* Your task: From the first line to the last, output the data exactly as it stands, minus its pictures.

□ □ □ □

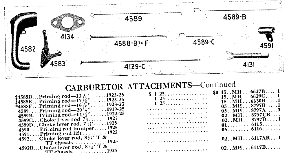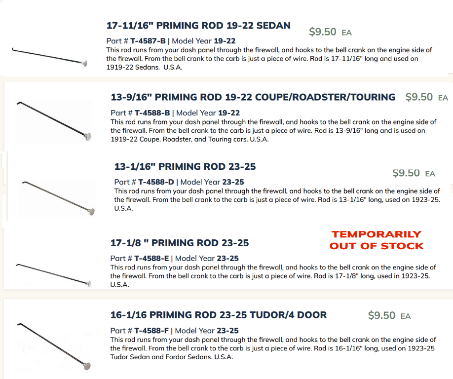 T-4588 Priming Rod, not T-4431 Carburetor Priming Rod (wire). The Priming Rod that was bought as a replacement from the vendors does not match any of the lengths listed in the Parts Price List for any of the Priming Rods, for any year/model, no matter what way/configuration you measure it. The closest it gets is to T-4588-B (1/2 inch too long) or T-4589-B (1/2 inch too short). Not to mention, the hole for the cotter pin is so far inboard to the bend its useless. I need to know what way they measure/measured the lengths listed in the Price List so I can make one the right length.
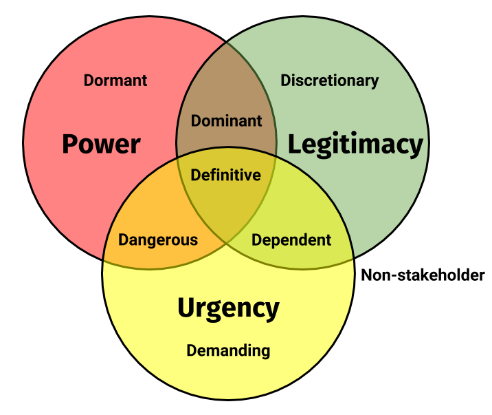 PM은 올바른 stakeholder를 찾고 의사소통 요구의 우선순위를 가리는 것을 필요로 하는데, Salience model은 3가지 dimension을 통해서 stakeholder의 중요도를 선별한다.
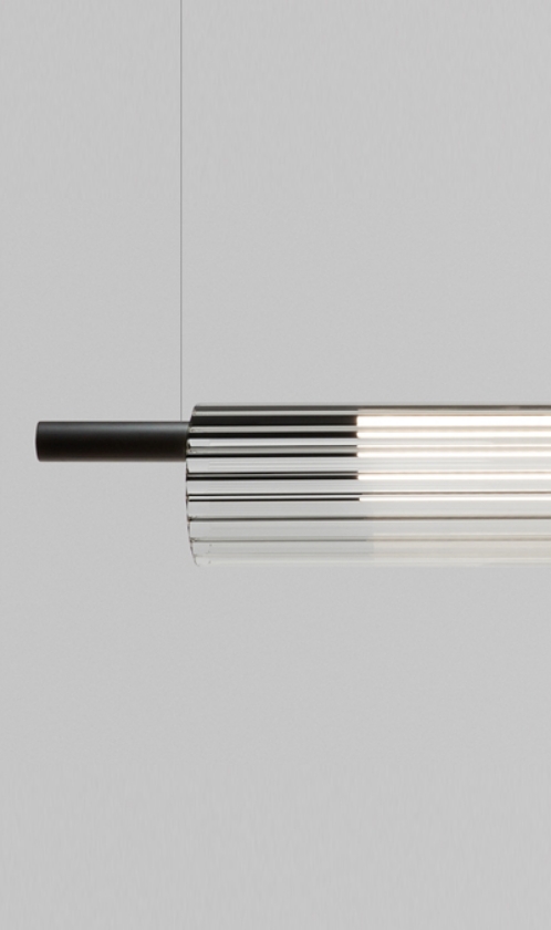 Le style de cette collection se concentre sur la présence sculpturale et la texture. La lampe utilise un tube en verre strié comme diffuseur principal, créant un élément lumineux élégant qui semble flotter dans l’espace. Son design allie la délicatesse du verre à la robustesse d’un corps en acier, filtrant la lumière pour générer une lueur douce et accueillante à forte personnalité.
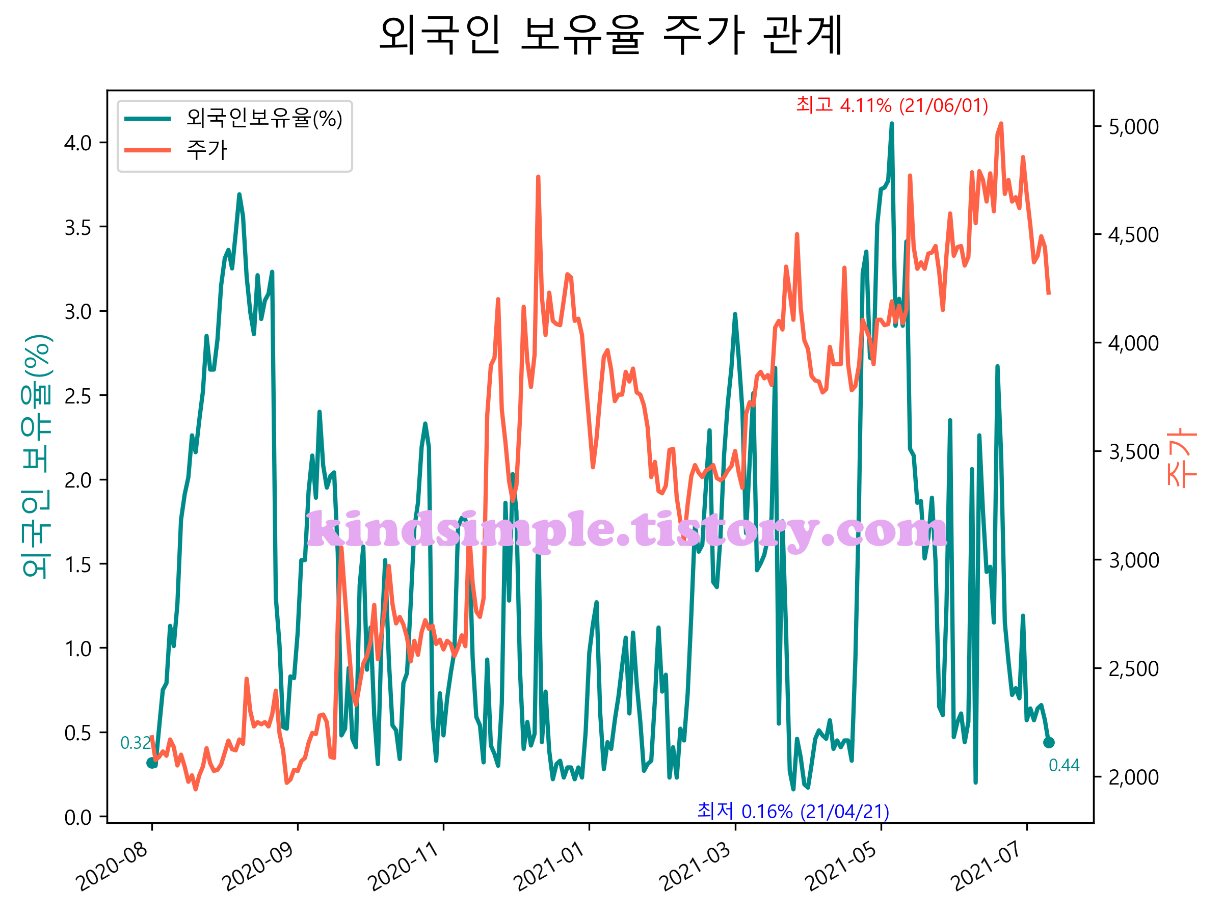 최근 1년간 외국인 보유율 및 주가와의 관계입니다.
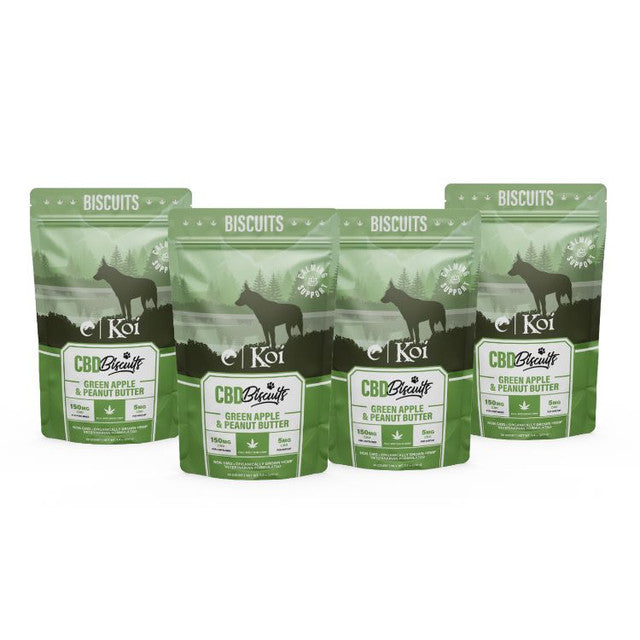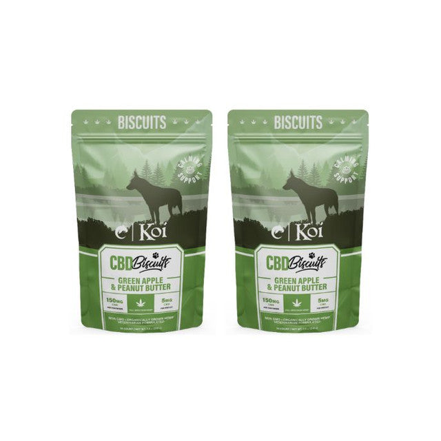 Unit price perHelp soothe your anxious or hyperactive dog’s worries with the help of hemp calming support. Koi Calming CBD Dog Biscuits contain an optimal, veterinarian-formulated blend of our Koi CBD full-spectrum hemp extract and natural chamomile, long used to support stress relief and relaxation. Delicious green apple and peanut butter flavors make our CBD calming dog biscuits a great addition to your pet’s wellness routine.
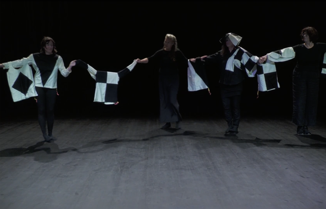 The artistic research Costume Agency (2018 – 2023) included the creation of twenty performances emerging from costume (Lindgren and Lotker (eds) 2023). The creation process for most of these costume-generated performances was as follows: improvising with the costumes, exploring their potential, selecting actions, deciding on the order of the actions, and refining and developing each action into scenes. This way, the dramaturgy emerged through the interaction between humans and non-humans.
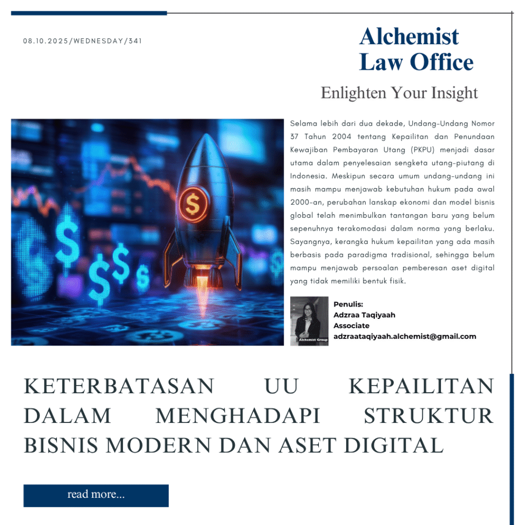 Selama lebih dari dua dekade, Undang-Undang Nomor 37 Tahun 2004 tentang Kepailitan dan Penundaan Kewajiban Pembayaran Utang (PKPU) menjadi dasar utama dalam penyelesaian sengketa utang-piutang di Indonesia. Meskipun secara umum undang-undang ini masih mampu menjawab kebutuhan hukum pada awal 2000-an, perubahan lanskap ekonomi dan model bisnis global telah menimbulkan tantangan baru yang belum sepenuhnya terakomodasi dalam norma yang berlaku. Ekonomi digital telah mengubah struktur kekayaan perusahaan secara mendasar. Banyak entitas usaha saat ini tidak lagi bertumpu pada aset berwujud seperti tanah atau mesin, tetapi pada kekayaan tidak berwujud (intangible assets) seperti lisensi perangkat lunak, merek dagang, hak cipta, data pengguna, algoritma, dan bahkan aset kripto. Sayangnya, kerangka hukum kepailitan yang ada masih berbasis pada paradigma tradisional, sehingga belum mampu menjawab persoalan pemberesan aset digital yang tidak memiliki bentuk fisik dan sering kali melibatkan yurisdiksi lintas negara.

□ □ □ □

* Answer to this problem:
 T-4588 Priming Rod, not T-4431 Carburetor Priming Rod (wire). The Priming Rod that was bought as a replacement from the vendors does not match any of the lengths listed in the Parts Price List for any of the Priming Rods, for any year/model, no matter what way/configuration you measure it. The closest it gets is to T-4588-B (1/2 inch too long) or T-4589-B (1/2 inch too short). Not to mention, the hole for the cotter pin is so far inboard to the bend its useless. I need to know what way they measure/measured the lengths listed in the Price List so I can make one the right length.
 PM은 올바른 stakeholder를 찾고 의사소통 요구의 우선순위를 가리는 것을 필요로 하는데, Salience model은 3가지 dimension을 통해서 stakeholder의 중요도를 선별한다.
 Le style de cette collection se concentre sur la présence sculpturale et la texture. La lampe utilise un tube en verre strié comme diffuseur principal, créant un élément lumineux élégant qui semble flotter dans l’espace. Son design allie la délicatesse du verre à la robustesse d’un corps en acier, filtrant la lumière pour générer une lueur douce et accueillante à forte personnalité.
 최근 1년간 외국인 보유율 및 주가와의 관계입니다.
 Unit price perHelp soothe your anxious or hyperactive dog’s worries with the help of hemp calming support. Koi Calming CBD Dog Biscuits contain an optimal, veterinarian-formulated blend of our Koi CBD full-spectrum hemp extract and natural chamomile, long used to support stress relief and relaxation. Delicious green apple and peanut butter flavors make our CBD calming dog biscuits a great addition to your pet’s wellness routine.
 The artistic research Costume Agency (2018 – 2023) included the creation of twenty performances emerging from costume (Lindgren and Lotker (eds) 2023). The creation process for most of these costume-generated performances was as follows: improvising with the costumes, exploring their potential, selecting actions, deciding on the order of the actions, and refining and developing each action into scenes. This way, the dramaturgy emerged through the interaction between humans and non-humans.
 Selama lebih dari dua dekade, Undang-Undang Nomor 37 Tahun 2004 tentang Kepailitan dan Penundaan Kewajiban Pembayaran Utang (PKPU) menjadi dasar utama dalam penyelesaian sengketa utang-piutang di Indonesia. Meskipun secara umum undang-undang ini masih mampu menjawab kebutuhan hukum pada awal 2000-an, perubahan lanskap ekonomi dan model bisnis global telah menimbulkan tantangan baru yang belum sepenuhnya terakomodasi dalam norma yang berlaku. Ekonomi digital telah mengubah struktur kekayaan perusahaan secara mendasar. Banyak entitas usaha saat ini tidak lagi bertumpu pada aset berwujud seperti tanah atau mesin, tetapi pada kekayaan tidak berwujud (intangible assets) seperti lisensi perangkat lunak, merek dagang, hak cipta, data pengguna, algoritma, dan bahkan aset kripto. Sayangnya, kerangka hukum kepailitan yang ada masih berbasis pada paradigma tradisional, sehingga belum mampu menjawab persoalan pemberesan aset digital yang tidak memiliki bentuk fisik dan sering kali melibatkan yurisdiksi lintas negara.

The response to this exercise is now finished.